Cloudstreet
Set in Perth between 1944 and 1964, Tim Winton’s novel is the saga of the Pickles and the Lambs, two families who share a large house in one of the poorer areas of the city. The Pickles inherited the house, which is haunted by the ghosts of badly treated aboriginal girls whose spirits have been trapped there until “love and new life” comes back to the house.
The Lambs, evicted from their farm in Margaret River, move into one side of the house. Their rent, earned from a grocery shop they set up in a front room, saves the Pickles from poverty, but also gives Sam Pickles money for gambling and Dolly Pickles money for drink.
The Lambs are quiet and industrious, but suffer on-going guilt about their son Fish, who suffered brain damage after nearly drowning.
Winton uses the families to describe the many social changes that occurred post World War II in Australia. The adaptation, by Nick Enright and Justin Monjo, summarises their lives in an epic play, usually performed on two consecutive days – or over an afternoon and evening. Adapting the “trials and tribulations” of both families for the stage must have been a daunting task. Directing and managing the resulting epic is just as daunting.
Ainslie Yardley has assembled twenty actors to present forty characters in her edited version of the play that runs, with two intervals, for about four hours. It’s a long haul for the cast, who have many costume and character changes, and the eleven backstage crew who manage several sliding flats, a boat, a tent and a lot of furniture on and off the stage in a multitude of scenes. Yardley and her cast and crew accomplish that long haul with enthusiastic energy.

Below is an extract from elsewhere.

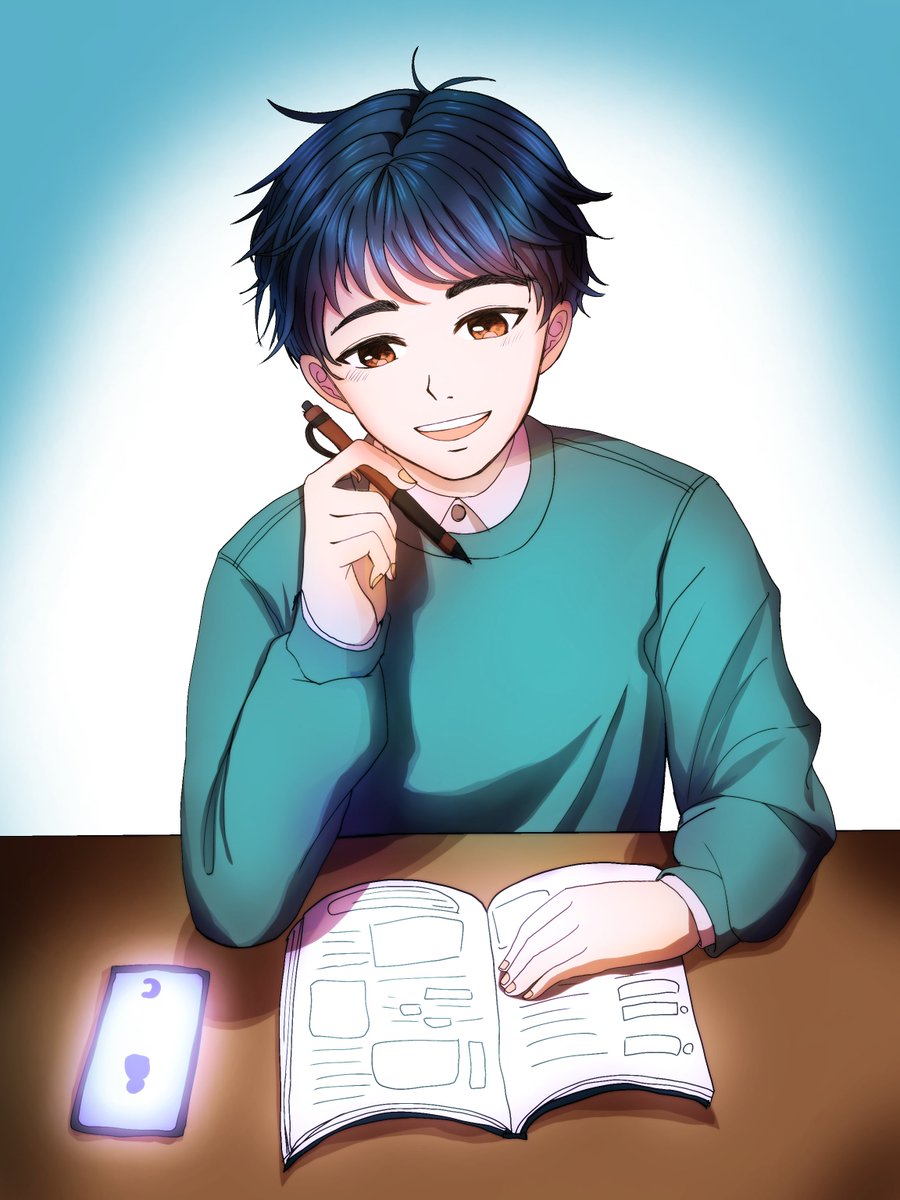 勉強通話中📞✍🏻📖´- #絵描きさんと繋がりたい #創作 #イラスト #illustration

Stage manager John Bailey and his assistant Gabriel Pope are to be congratulated for ‘corralling’ so many bodies and props backstage with smoothness and lack of fuss. Coordinating scenes changes and lighting cues is always tricky, but actors moving off stage in light can detract from character and effect. Apparent lack of that coordination on opening night may improve during succeeding performances.
Sam and Dolly Pickles, played by Madeleine Sheehy and Shaun Loratet, portray the less savoury aspects of family life. Sheehy’s Dolly is loud and flashy, covering her insecurities with drunken flirtations. Loratet shows how easily Sam gives in to temptation and despair.
Sophie Seaborn and Matt Kelly are Oriel and Lester Lamb. Seaborn uses a steady gaze and firm voice to show Oriel’s steely faith and righteousness. Kelly shows how Lester’s gentleness and caring balances Oriel’s severity.
Quick Lamb and Rose Pickles are the ‘stalwarts’ of the kids at One Cloudstreet. Through them the families’ stories are told most clearly. It is Quick and Rose who eventually bring the family together and free the house of its sad spirits.
Max Jackson is constantly in character as Quick, taking him from childhood to fatherhood in a very appealing performance. His Quick reaches out to the audience with sincerity and consistency.
Mya Pockran shows how young Rose bears the burden of her dysfunctional family, bolstering Sam’s depression, but disgusted by Dolly’s drunken disdain and overt adultery. Eventually she finds some self-respect and independence in work as a telephonist.
Marianne Gibney-Quinteros, as an older Rose, carries that independence into a relationship that takes her to the more sophisticated areas of Perth, but she evetually returns to Cloudstreet where she and Quick find each other, unite the family and free the house of its past.
Through it all, Fish Pickles hovers, a disturbed being who is the only one who is aware of ‘the ladies’ who come to him at the piano in the ‘windowless room’ at the top of the house. This is a difficult role that Josh Stojanovic sustains convincingly, his eyes always looking beyond the moment to watery places only he can see.
Like other companies, Glenbrook has extended the epic nature of the play into a production ‘package’. For a community theatre company that means extra organisation, coordination and a host of volunteers. For example, patrons are offered the opportunity of ordering a meal to be eaten in the long second interval. This is served in the adjoining hall where, under the curation of Robyn and Alan Pope, a collection of photographs donated by local families has been tastefully mounted and displayed. Along with a video of old news articles and advertisements, they depict weddings, christenings, family gatherings and the fashions of the twenty years during which the Pickles and Lambs inhabited number One Cloudstreet.
Ainslie Yardley and Glenbrook Theatre Company are to be congratulated for embracing such a major undertaking and doing it with such enthusiasm and efficiency.